By ThirdCulture on November 04, 2011
My marathon pants are one step away from total disintegration. And it makes me sad. The pants in question are not pants used to run a marathon. They’re the jeans that I fit into after I completed my first (and so far, only) marathon. That was almost three years ago, or more than a lifetime—my daughter’s lifetime, that is.
The pants were also my post-preggo goal pants. The ones that would confirm that I had pretty much lost all my baby weight.
When I was pregnant, I gained a whopping 55 pounds. I was so completely horrified by this number that I uttered this fact for the first time a couple of months ago, when I took a mini-vacation with good girlfriends in Southern California.
I felt strange telling them, my closest friends in the world, about the horribly large number. Fifty. Five. Pounds.
That is a lot of weight. I can assure you that I eat well (I can see all the judging “Yeah, rights” and eye-rolling now—but no matter, I know how I eat). I wasn’t eating entire boxes of sugary cereal of a dozen donuts at a time. I’m the type of person who doesn’t believe in shortcuts in the kitchen—no processed foods, no canned products other than tomatoes, no frozen meals.
When I was pregnant with P, I was eating the same home-made balanced meals that I always make, and swimming a couple of times a week (up until week 34). But the weight just coming. And coming. And coming.
Anyway, after I gave birth to P, I lost about 30 pounds in a few weeks—which would have been fantastic had I only gained the recommended 30 pounds. The remaining 25 pounds decided to stick around, laughing at me every time I looked in the mirror, and practically jeering when I dared to think about those marathon pants.
When P was born, I was only employed part time. In those early weeks, I would go for walks around the neighborhood to get fresh air and get used to moving again. I tried running, but the extra weight was making things difficult on my joints (and those running clothes frankly looked obscene on me). And to be honest, I’m the type of person who is super motivated by paying for a gym membership.
So a gym membership was the very first thing I purchased when finally landing a full-time job. The YMCA close to work (in Chinatown, San Francisco) had just undergone a multi-million dollar renovation. It was gorgeous, with a saline pool and empty locker rooms. All at fabulous Y prices.
Starting in September 2010, I started hitting the gym 3-4 times a week. I tried everything: Master swim, boot camp, spinning, Pilates, cardio kickbox. I even tried three minutes of a Zumba class before realizing that a person with zero rhythm has no business doing something that dance oriented.

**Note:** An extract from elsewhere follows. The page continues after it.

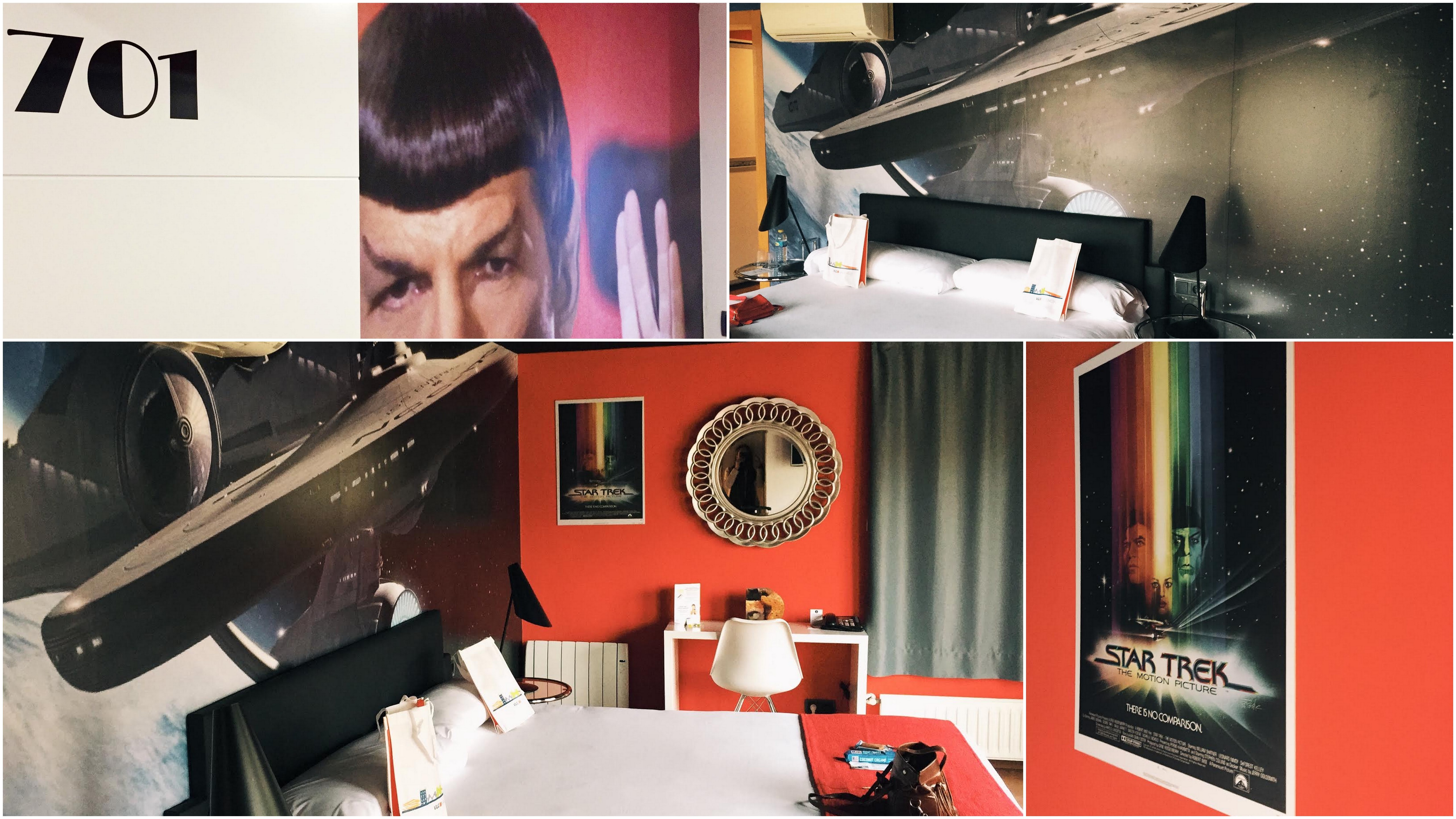 We kregen een kamer op de 7de verdieping van het hotel Casual Valencia del Cine. Met een vrij bijzondere lift (check de vlog) bereikten we de kamer. OMG wat een geweldige kamer! Mede door mijn broer ben ik redelijk fan van Star Trek en deze kamer was helemaal in Star Trek stijl, echt geweldig. Het was de familiekamer en hij was enorm ruim en mooi en origineel ingericht. We waren vrij door het dolle toen we binnenkwamen. Het hotel ligt in het centrum en vinden we écht een aanrader om naar toe te gaan als je een paar daagjes naar Valencia gaat.

I was definitely toning up and gaining muscle, but still not losing any weight. Various pants were starting to fit much better, but the marathon pants were still out of reach. I still needed an extra something, a little boost, an oomph if you will.
Finally, when A was away in New York for four months, I saw an opportunity to do something I’d never done before: a cleanse. I’m not talking about one of those crazy cayenne and lemon drink cleanses (which I am convinced will pierce a hole through your gut), but one with actual food. Namely, a combination of yogurt, almonds, spinach, raspberries, and eggs for five days. Followed by water. Lots and lots of water.
And it actually worked. I lost about ten pounds in five days, and continued to drop weight (though reverting back to a normal diet)—for a total of 18 pounds lost in a couple of months.
That was eight months ago now, and the weight has stayed off (yee haw!!). I’m only seven pounds away from my pre-preggo weight, and started fitting back into the marathon pants a few months ago.
I wore them everywhere. The office, shopping, weekend visits with friends—everywhere. And little by little, those beloved pants started fraying at the seams, getting nubbly at the bum, and practically unraveling only as your favorite pants are wont to do. Especially when the manufacturer doesn’t make the same style anymore (c’mon Gap. Really?).
I still can’t bear to throw them away, though. I cut off the bottom eight inches, and now have the fanciest pair of gardening pants on the block. I may run another marathon someday and have a new pair of “marathon pants,” but you never forget your first love.